Enhancement of systemic and sputum granulocyte response to inhaled endotoxin in people with the GSTM1 null genotype.

机构信息

Center for Environmental Medicine, Asthma and Lung Biology, School of Medicine, University of North Carolina at Chapel Hill, Chapel Hill, NC 27599-7310, USA.

出版信息

Occup Environ Med. 2011 Oct;68(10):783-5. doi: 10.1136/oem.2010.061747. Epub 2011 Mar 25.

DOI:10.1136/oem.2010.061747
PMID:21441173
原文链接:https://pmc.ncbi.nlm.nih.gov/articles/PMC3808962/
Abstract

OBJECTIVE

To determine if the GSTM1 null genotype is a risk factor for increased inflammatory response to inhaled endotoxin.

METHODS

35 volunteers who had undergone inhalation challenge with a 20 000 endotoxin unit dose of Clinical Center Reference Endotoxin (CCRE) were genotyped for the GSTM1 null polymorphism. Parameters of airway and systemic inflammation observed before and after challenge were compared in GSTM1 null (n=17) and GSTM1 (n=18) sufficient volunteers.

RESULTS

GSTM1 null volunteers had significantly increased circulating white blood cells (WBCs), polymorphonuclear neutrophils (PMNs), platelets and sputum PMNs (% sputum PMNs and PMNs/mg sputum) after CCRE challenge. GSTM1 sufficient volunteers had significant, but lower increases in circulating WBCs, PMNs and % sputum PMNs, and no increase in platelets or PMNs/mg sputum. Linear regression analysis adjusted for baseline values of the entire cohort revealed that the GSTM1 null genotype significantly increased circulating WBCs, platelets and % sputum PMNs after challenge.

CONCLUSION

These data support the hypothesis that the GSTM1 null genotype is a risk factor for increased acute respiratory and systemic inflammatory response to inhaled CCRE. These data are consistent with other observations that the GSTM1 null genotype is associated with increased respiratory, systemic and cardiovascular effects linked to ambient air particulate matter exposure and indicate that the GSTM1 null genotype should be considered a risk factor for adverse health effects associated with exposure to environmental endotoxin.

摘要

目的

确定 GSTM1 无效基因型是否是对吸入内毒素产生过度炎症反应的危险因素。

方法

35 名志愿者接受了 20000 单位临床中心参考内毒素(CCRE)剂量的吸入挑战,对 GSTM1 无效多态性进行了基因分型。
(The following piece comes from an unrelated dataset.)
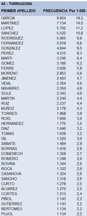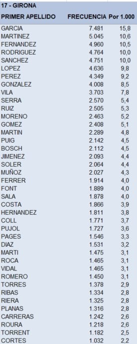 En Barcelona, casi 105.000 personas se apellidan García en primer lugar, mientras que en Girona hay casi 7.500 por las casi 10.000 que lo tienen en Tarragona. La diferencia con respecto al segundo apellido es especialmente significativa en la provincia de Barcelona, donde Martínez, el segundo más común, lo tienen de primer apellido 74.420 personas, a 30.000 de distancia de García. Más ajustadas son las diferencias en las otras dos provincias catalanas.

在 GSTM1 无效(n=17)和 GSTM1 (n=18)充足的志愿者中,比较了挑战前后气道和全身炎症的参数。

结果

CCRE 挑战后,GSTM1 无效志愿者的循环白细胞(WBC)、多形核中性粒细胞(PMN)、血小板和痰 PMN(%痰 PMN 和 PMN/mg 痰)显著增加。GSTM1 充足的志愿者循环 WBC、PMN 和%痰 PMN 显著增加,但增加幅度较低,血小板或 PMN/mg 痰无增加。对整个队列的基线值进行线性回归分析显示,GSTM1 无效基因型在挑战后显著增加循环 WBC、血小板和%痰 PMN。

结论

这些数据支持 GSTM1 无效基因型是对吸入 CCRE 产生过度急性呼吸和全身炎症反应的危险因素的假设。这些数据与其他观察结果一致,即 GSTM1 无效基因型与与环境空气中颗粒物暴露相关的呼吸、全身和心血管影响增加有关,并表明 GSTM1 无效基因型应被视为与暴露于环境内毒素相关的不良健康影响的危险因素。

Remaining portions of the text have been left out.